Dan kurasa kamu harus menikahi Anna, Steve. Dia tanggung jawabmu.”
“Bisa
menemaniku bicara pada Mama?” ucap Steve nyaris tak terdengar.
Rafael
menggeleng. “Itu masalah kalian, Anna dan kamu. Kalian hadapilah sendiri.
Beranilah menghadapi Mama. Kalian udah dewasa.”
Steve
tahu. Sikap Rafael tak lagi bisa ditawar.
* * *
Anna terdiam lama. Ponselnya masih menempel
di telinga.
“An...” suara Steve terdengar halus dari
ujung sana. “Are you still there?”
“Ya,” gumam Anna.
“Aku akan menghadap Mama, An. Setelah itu
kita akan menghadap Bang Jemmy,” ucap Steve. “Secepatnya.”

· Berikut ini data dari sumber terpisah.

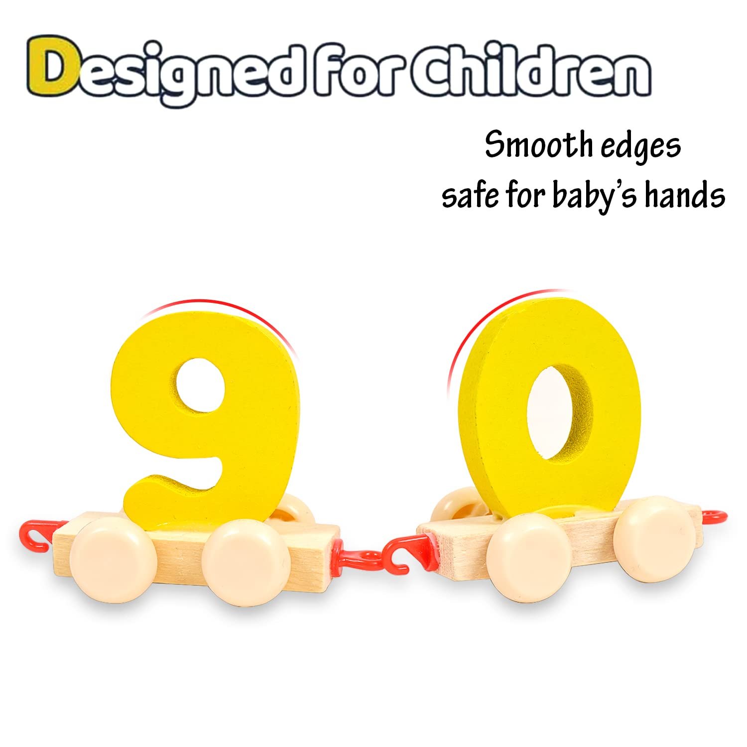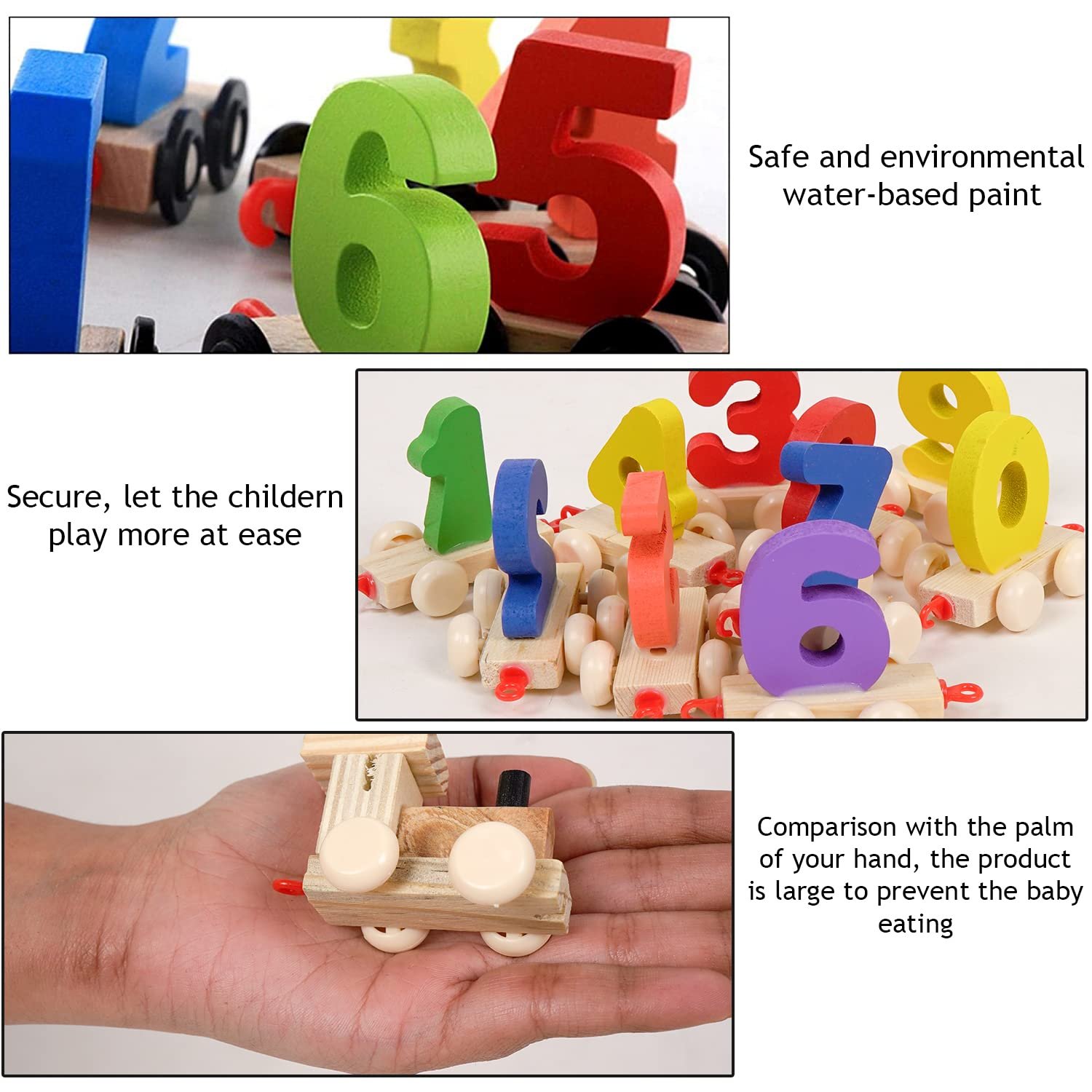 Best digital wooden train. This long digital train has a train head, a train tail and ten small wooden trains with colorful 0-9 figures on top. Each train has 4 sliding wheels which glide easily. It is well-constructed, durable and very easy to assemble

Anna menggigil. Sesungguhnya dia tak sanggup
mengatakan apa-apa pada Jemmy. Kalau Jemmy tahu dia hamil sebelum berstatus
istri seseorang, bisa-bisa Jemmy menggantungnya di Monas.

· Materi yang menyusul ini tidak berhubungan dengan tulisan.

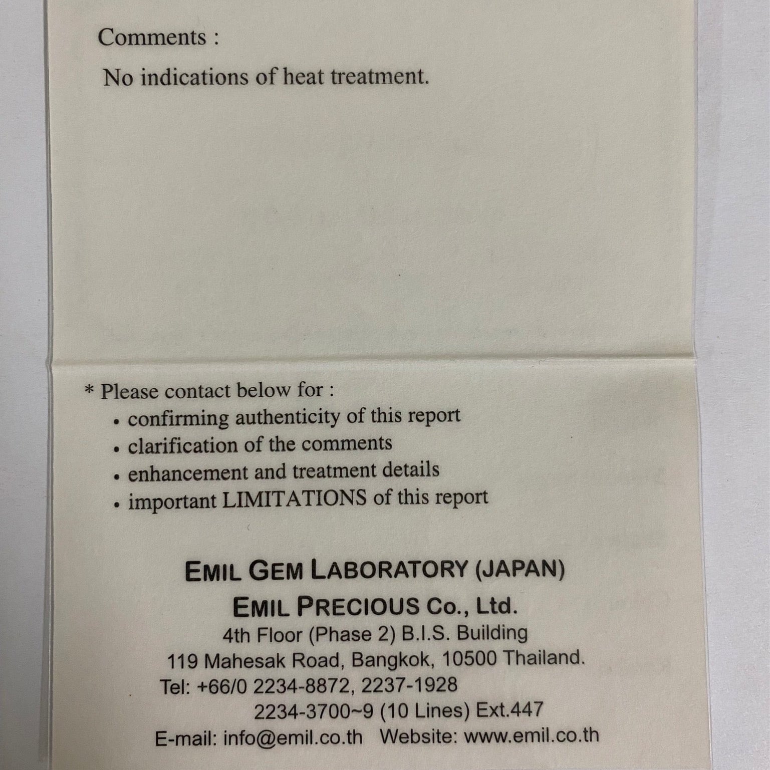 タイ産ルビーは地質的に鉄分含有量が高く、通常は加熱処理によって色調を調整して流通するケースが大半を占めます。

Beruntung, kalau kata itu masih bisa dipakai,
dia tidak mengalami morning sickness.
Hingga Jemmy tidak curiga. Hanya saja haidnya terlambat. Sesuatu yang belum
pernah terjadi. Memaksanya menyadari ada sesuatu yang salah tengah terjadi
dengan tubuhnya.
Hanya satu kali. Dan tak dinyana hasilnya
akan berbuntut sedemikian panjang. Pada akhirnya hanya ada penyesalan. Yang
datangnya selalu terlambat.
Begitu Steve mengakhiri pembicaraan itu, tak
ada yang bisa dilakukannya kecuali melangkah ke seberang pet shop begitu melihat mobil Adita sudah terparkir di depan
warung. Entah apa yang mendorong hatinya untuk menemui perempuan itu. Kekasih
Rafael.
Mengingat nama Rafael, Anna hampir saja tak
sanggup menahan jatuhnya airmata. Dan demi melihat wajah Anna yang kusut masai
dengan mata berkaca-kaca, Adita segera menarik Anna masuk ke dalam kantornya.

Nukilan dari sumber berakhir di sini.